At the hearing, the AAT Member will ask you about your application and what decision you want. The Member will ask the National Disability Insurance Agency to do the same.

The Member will consider all of the information that you and the Agency present. Generally, this will mean the documents you and the Agency have provided about your case.

You and the Agency have the right to call witnesses but often that will be unnecessary. The Member will usually only hear from other persons such as family members, carers, doctors or other experts if you or the Agency want and ask for that.

In exceptional cases, the Member might decide that he or she needs to hear from a person who has not been called as a witness by you or the Agency. That will not happen without you and the Agency being consulted.

If there are expert witnesses, such as specialist doctors, we will expect them to give their evidence at the same time. For more information about this, see the Guidelines for the Use of Concurrent Evidence in the AAT on our website.

The Member will control the procedure in the hearing, which will be as informal as possible. We will not allow the formalities that usually apply in courts. The rules of evidence that apply in courts do not apply in the AAT.

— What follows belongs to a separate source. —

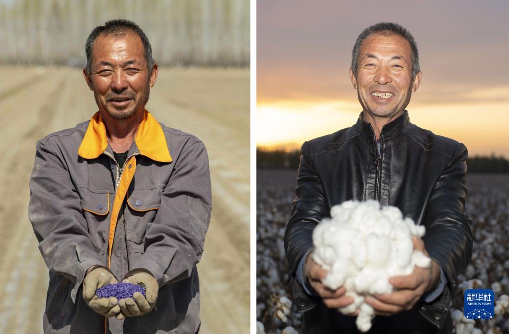 拼版照片:左圖為春播時節(jié),陸高林手捧棉種站在三道溝村的棉田里(4月15日攝);右圖為秋收時節(jié),陸高林手捧棉花站在三道溝村的棉田里(10月23日攝)。新華社記者 胡虎虎 攝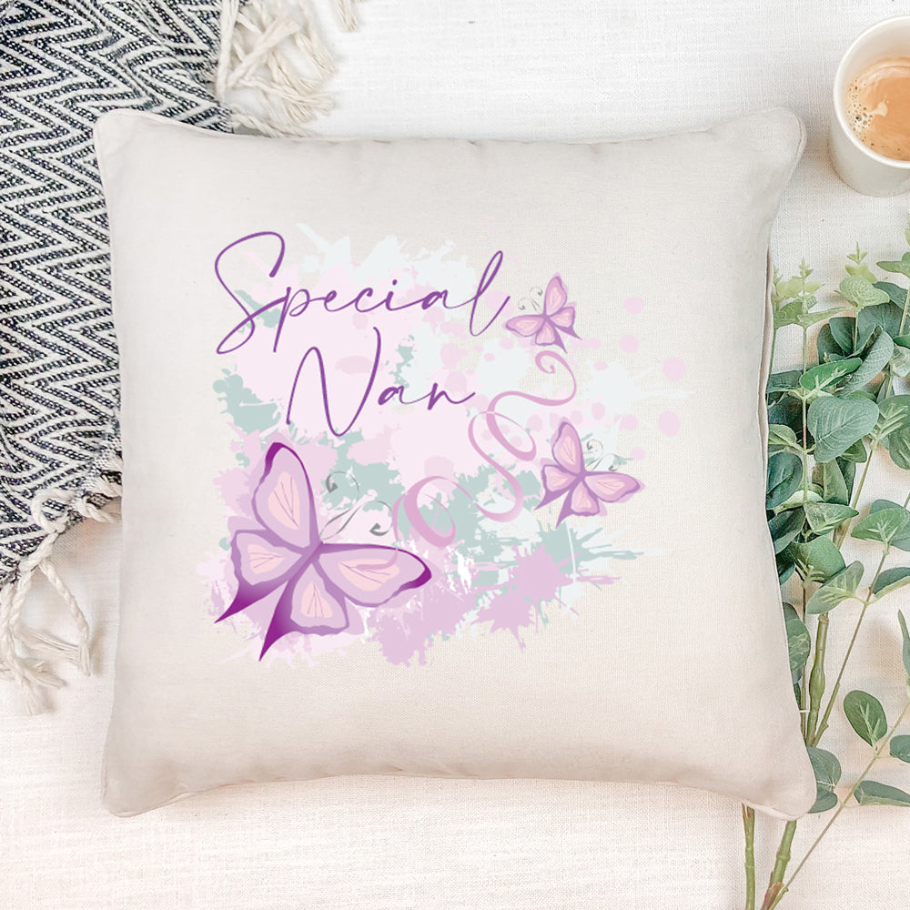 Personalised Special Nan Pink and Purple Butterfly Cushion Gift.

The Member will consider all the evidence that is relevant to the issues to be determined unless there is a legal reason why it cannot be considered. The Member has a duty to be fair to both you and the Agency.

An audio recording is made of all hearings so that there is an accurate record of what is said at the hearing. Most hearings held on AAT premises are also videorecorded by Merrill Corporation who record most hearings for the AAT. The video recordings are maintained and viewed only for quality control purposes. They are not an official record of the hearing and are not provided to the parties or to any third party.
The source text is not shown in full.